There are two variations of From class and the purpose of both these From classes is to 'convert' one lambda into another. Typically this conversion is achieved by wrapping the first lambda inside itself, but it could in the case of a wrapping and then unwrapping just give back the original lambda. Whether a From... class or a _Callable_... class (the original lambda) results, it is always reified lambda that results from a From conversion.
The reified _Callable_... abstract classes implement the equivalent generic _Callable_ n interface and therefore no 'cast' is needed from a reified lambda to a generic lambda.
The first of the two variations of the From classes are those that go in the reverse direction to their inheritance hierarchy, i.e. from a generic _Callable_ n interface to a the equivalent reified _Callable_... class (reifying From). The second variation of From class is for contravariant overriding of lambdas.

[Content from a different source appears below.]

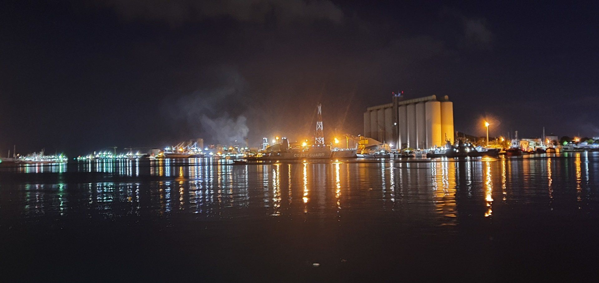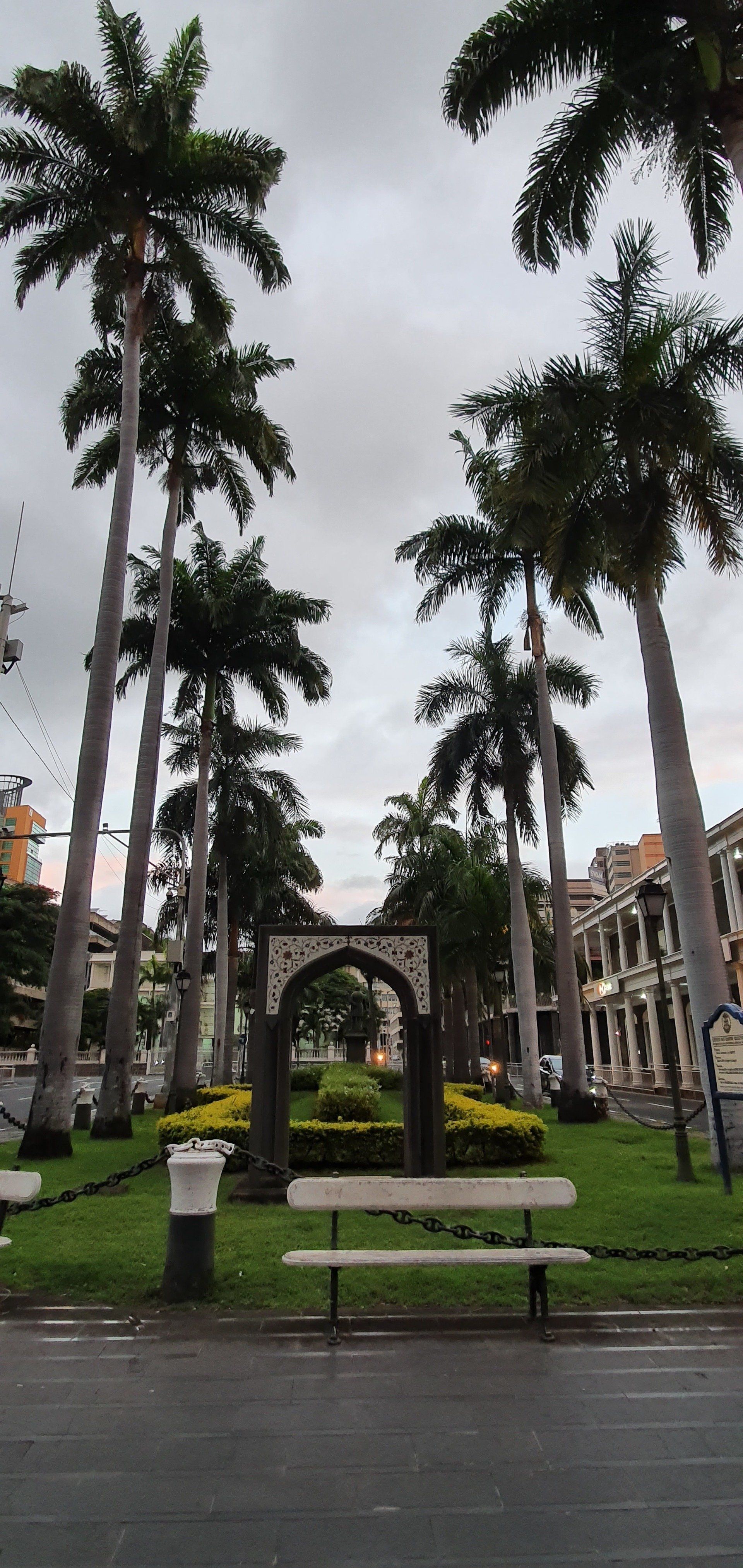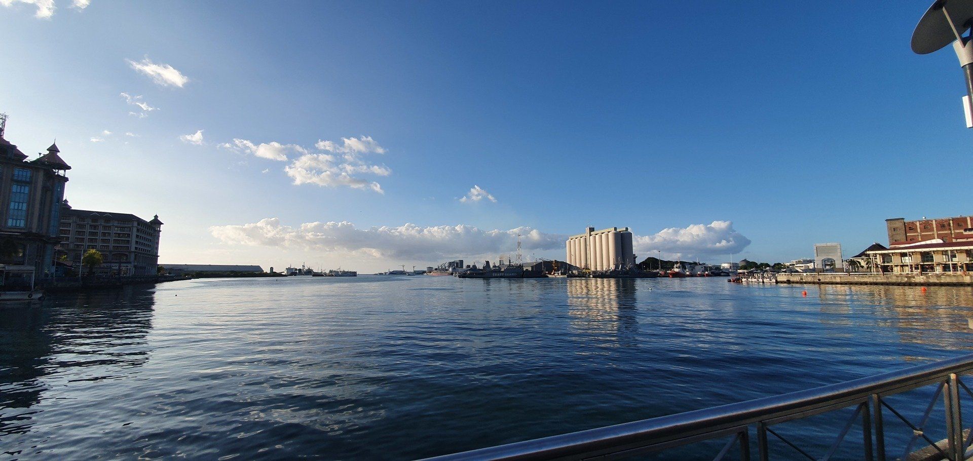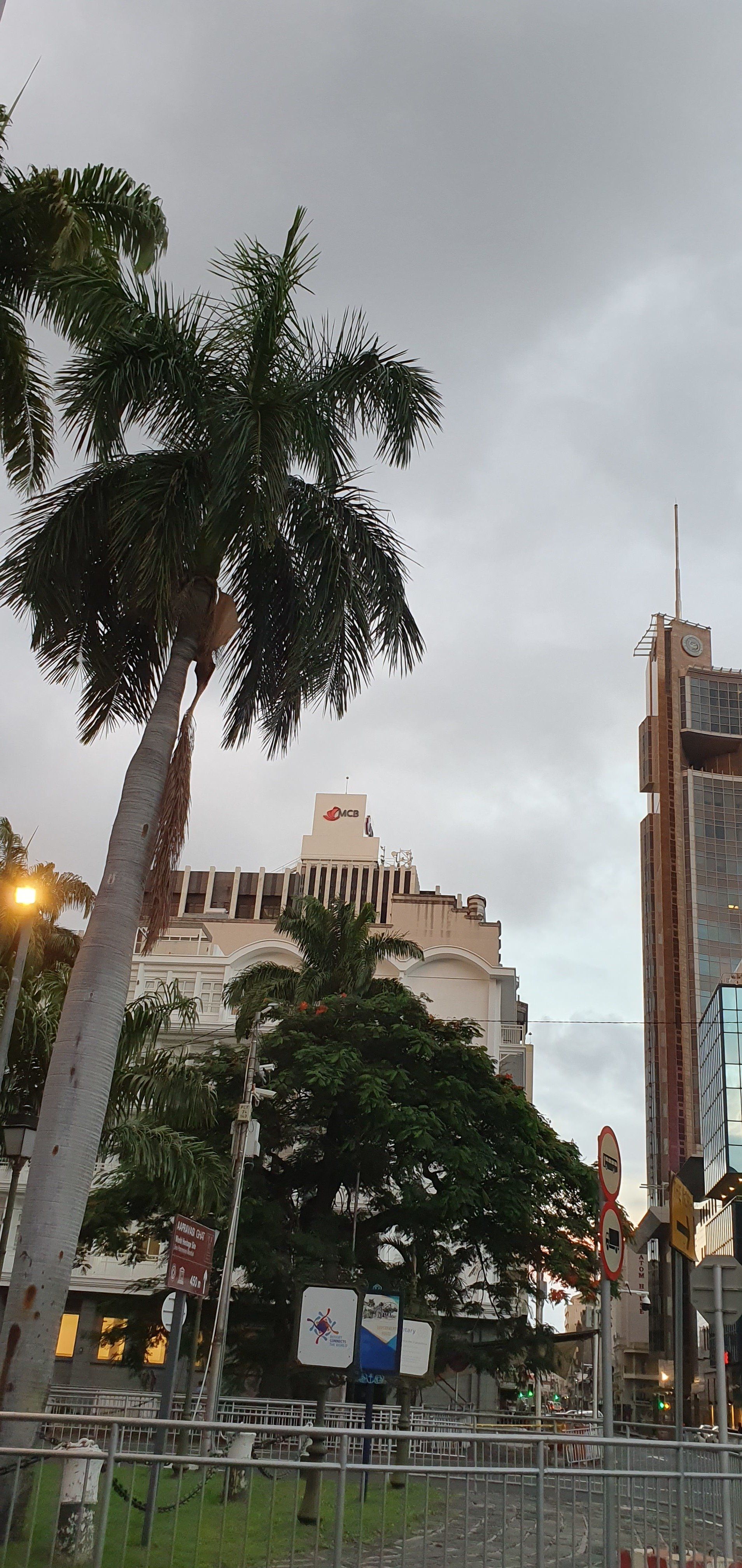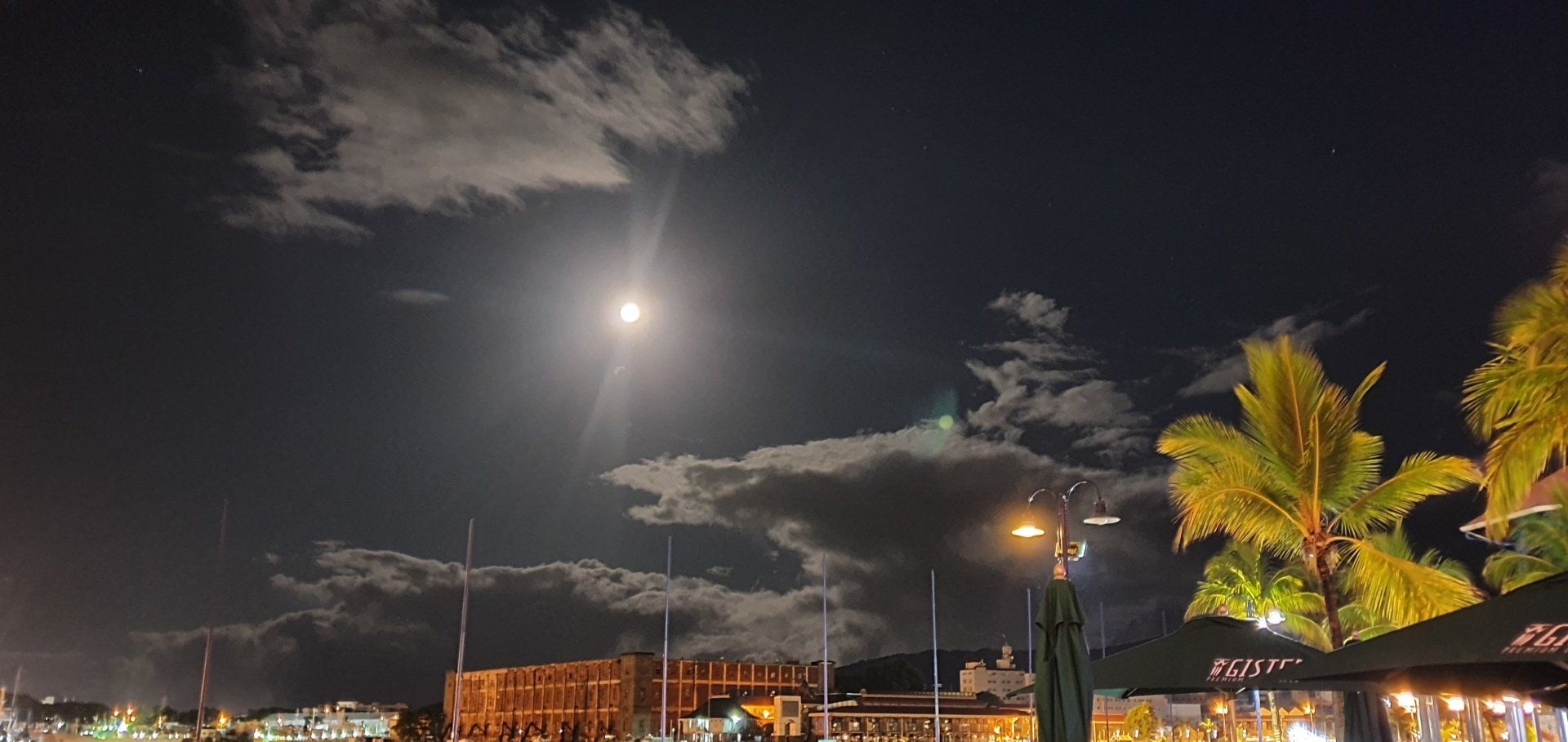 Dann gehts zurück, ich chille noch mal ne Runde und dann meldet sich Christian, dass er auch gelandet ist. Ich hatte ihm denselben Fahrer organisiert und dann klopft es irgendwann. Die netten Securityjungs stehen an der Tür und haben Chris im Schlepptau. Er richtet sich dann mal ein, es ist mittlerweile schon früher Abend. Dann machen wir uns irgendwann auf den Weg und laufen mal eine Runde am Wasser lang, auch am alten Postgebäude. Nach etwa 15 Minuten Fußweg erreicht man die Waterfront, eine nette Ecke, wo ein paar Bars sind und eine Art Promenade mit Einkaufszentrum. Echt ganz nett und scheinbar die einzige Ecke, wo man "ausgehen" kann. Das wird hier aber nicht großgeschrieben, denn eine richtige Bar- oder Discoszene gibt es hier nicht. Dann setzen wir uns mit den letzten Sonnenstrahlen in eine Bar und essen und trinken was. Danach drehen wir noch eine kleine Runde bis an die Spitze des Hafens und hier sieht es wirklich recht nett aus. Allzu viel ist aber nicht los, und scheinbar ist ab 12 Uhr hier auch Schicht im Schacht. Der Vollmond scheint sehr hübsch auf das Wasser im Hafenbecken und verleiht dem ganzen Anblick was romantisches. Es ist auch noch schön warm, sodass man gut in kurzen Sachen laufen kann. Dann gehts durch die Gassen zurück, hinter der Unterkunft, wo quasi tagsüber Trudel vom Markt ist, und abends tote Hose ist, wo Mäuse und Kakerlaken eine Party in den Müllresten feiern. Nicht so toll, nach wie vor. Da es schon spät ist, müssen wir lautstark an dem Eisentor klopfen und dann kommt der Securitymann, öffnet ebenso lautstark das Schiebetor von unten nach oben und begrüßt uns nett. Trotzdem seltsam, dass man abhängig davon ist, dass einer einem die eigene "Haustür" öffnet. Dann gehts hoch und wir schnacken noch eine Runde auf der Terrasse. Dann setze ich mich noch eine Weile an den Blog, der noch in Sri Lanka hängt, und Christian geht schon mal in sein Zimmer. Ab morgen werden wir dann den Mietwagen haben und ich bin gespannt, was die Insel außerhalb der Hauptstadt Port Louis kann. Nächtle.

All From classes follow a naming convention: _From_...__To_... where the first '...' are as used in the 'from' _Callable_... and the second '...' are as used in the 'to' _Callable_... names. If the 'from' _Callable_... is a generic interface then the '...' include the _ n as well as the type names.
These classes convert a generic _Callable_ n interface to a the equivalent reified _Callable_... class, i.e. they reify the generic class, e.g.:
public final class _From_0_Integer__To_int extends _Callable_int implements Wrapper { private final _Callable_0<? extends Integer> f; private _From_0_Integer__To_int(final _Callable_0<? extends Integer> f) { this.f = f; } public static _Callable_int instance(final _Callable_0<? extends Integer> from) { if (from == null) { return null; } final _Callable_0<? extends Integer> f = (_Callable_0<? extends Integer>)Wrappers.unWrap(from); if (f instanceof _Callable_int) { return (_Callable_int)f; } return new _From_0_Integer__To_int(f); } @Override public int callPrimitive() { return f.call(); } @Override public Object getWrappee() { return f; } @Override public int hashCode() { return f.hashCode(); } }
Note use of callPrimitive; because the resultant, 'to', class is a primitive _Callable_..., if 'to' is a non-primitive _Callable_... then method call is defined instead.
These classes convert a reified _Callable_... class to another, contravariantly overriding, reified _Callable_... class.
Primitive types have an implicit conversion mechanism in Java, e.g. an int is automatically converted to a long. It is necessary to simulate this implicit conversion for lambdas that have primitive and/or primitive wrappers. The term "implicit conversion" is used below to indicate when such a non-inheritance based type conversion is required.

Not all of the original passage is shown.